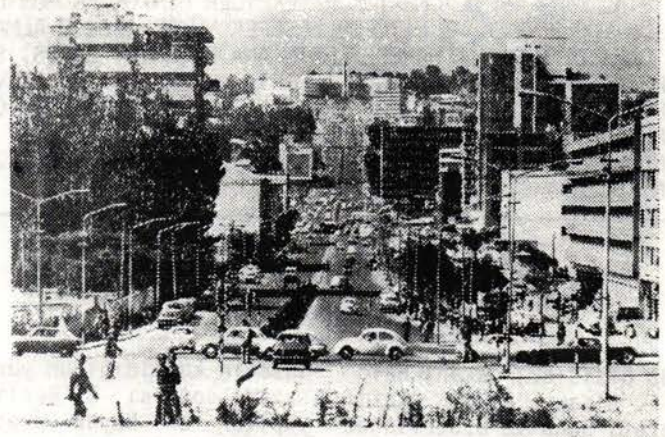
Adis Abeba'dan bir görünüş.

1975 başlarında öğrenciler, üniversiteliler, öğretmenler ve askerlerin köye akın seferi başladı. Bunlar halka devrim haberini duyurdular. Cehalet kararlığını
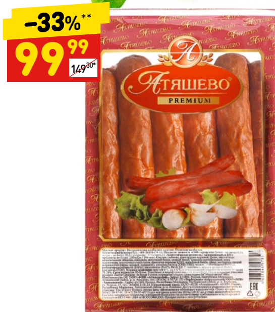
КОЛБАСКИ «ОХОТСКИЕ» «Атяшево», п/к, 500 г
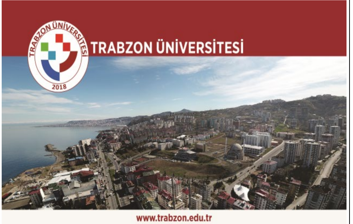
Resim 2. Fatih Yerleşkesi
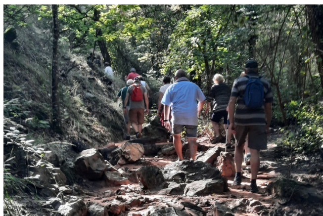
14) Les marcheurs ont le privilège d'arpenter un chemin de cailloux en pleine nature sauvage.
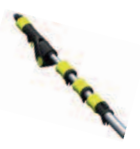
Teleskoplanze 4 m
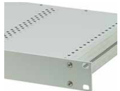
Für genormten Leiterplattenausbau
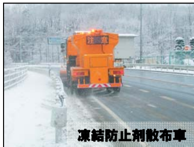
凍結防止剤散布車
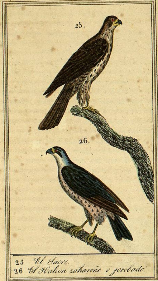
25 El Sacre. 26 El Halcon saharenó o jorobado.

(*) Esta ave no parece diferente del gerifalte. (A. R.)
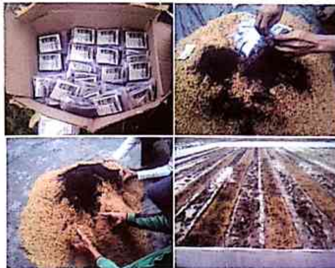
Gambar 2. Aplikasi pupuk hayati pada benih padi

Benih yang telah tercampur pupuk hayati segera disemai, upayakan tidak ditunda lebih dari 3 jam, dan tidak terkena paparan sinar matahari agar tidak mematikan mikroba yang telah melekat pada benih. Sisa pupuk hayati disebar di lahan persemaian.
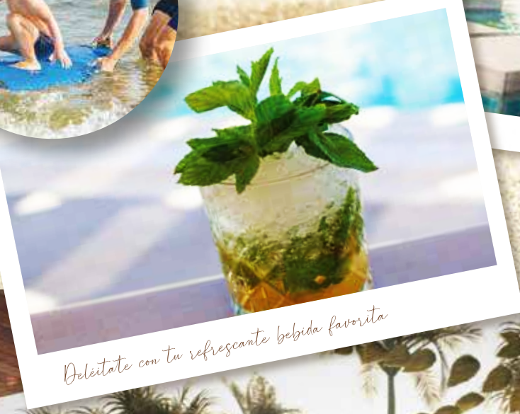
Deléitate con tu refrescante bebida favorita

───

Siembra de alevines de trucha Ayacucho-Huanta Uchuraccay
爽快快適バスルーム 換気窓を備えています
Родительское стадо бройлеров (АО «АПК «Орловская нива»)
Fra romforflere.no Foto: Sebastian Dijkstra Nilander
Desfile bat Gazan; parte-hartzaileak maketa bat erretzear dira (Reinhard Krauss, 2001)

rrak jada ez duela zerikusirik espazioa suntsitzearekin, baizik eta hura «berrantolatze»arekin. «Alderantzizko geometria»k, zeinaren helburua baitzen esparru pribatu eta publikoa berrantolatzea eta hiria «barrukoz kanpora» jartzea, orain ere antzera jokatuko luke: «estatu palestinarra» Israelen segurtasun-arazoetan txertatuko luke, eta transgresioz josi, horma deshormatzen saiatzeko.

───

**Task to carry out:** Nothing but the lines above from the line with "Adis Abeba'dan bir görünüş." up to and including the line with "Deléitate con tu refrescante bebida favorita" should be returned, exactly as written and without pictures.

**Answer below:**
Adis Abeba'dan bir görünüş.

1975 başlarında öğrenciler, üniversiteliler, öğretmenler ve askerlerin köye akın seferi başladı. Bunlar halka devrim haberini duyurdular. Cehalet kararlığını
КОЛБАСКИ «ОХОТСКИЕ» «Атяшево», п/к, 500 г
Resim 2. Fatih Yerleşkesi
14) Les marcheurs ont le privilège d'arpenter un chemin de cailloux en pleine nature sauvage.
Teleskoplanze 4 m
Für genormten Leiterplattenausbau
凍結防止剤散布車
25 El Sacre. 26 El Halcon saharenó o jorobado.

(*) Esta ave no parece diferente del gerifalte. (A. R.)
Gambar 2. Aplikasi pupuk hayati pada benih padi

Benih yang telah tercampur pupuk hayati segera disemai, upayakan tidak ditunda lebih dari 3 jam, dan tidak terkena paparan sinar matahari agar tidak mematikan mikroba yang telah melekat pada benih. Sisa pupuk hayati disebar di lahan persemaian.
Deléitate con tu refrescante bebida favorita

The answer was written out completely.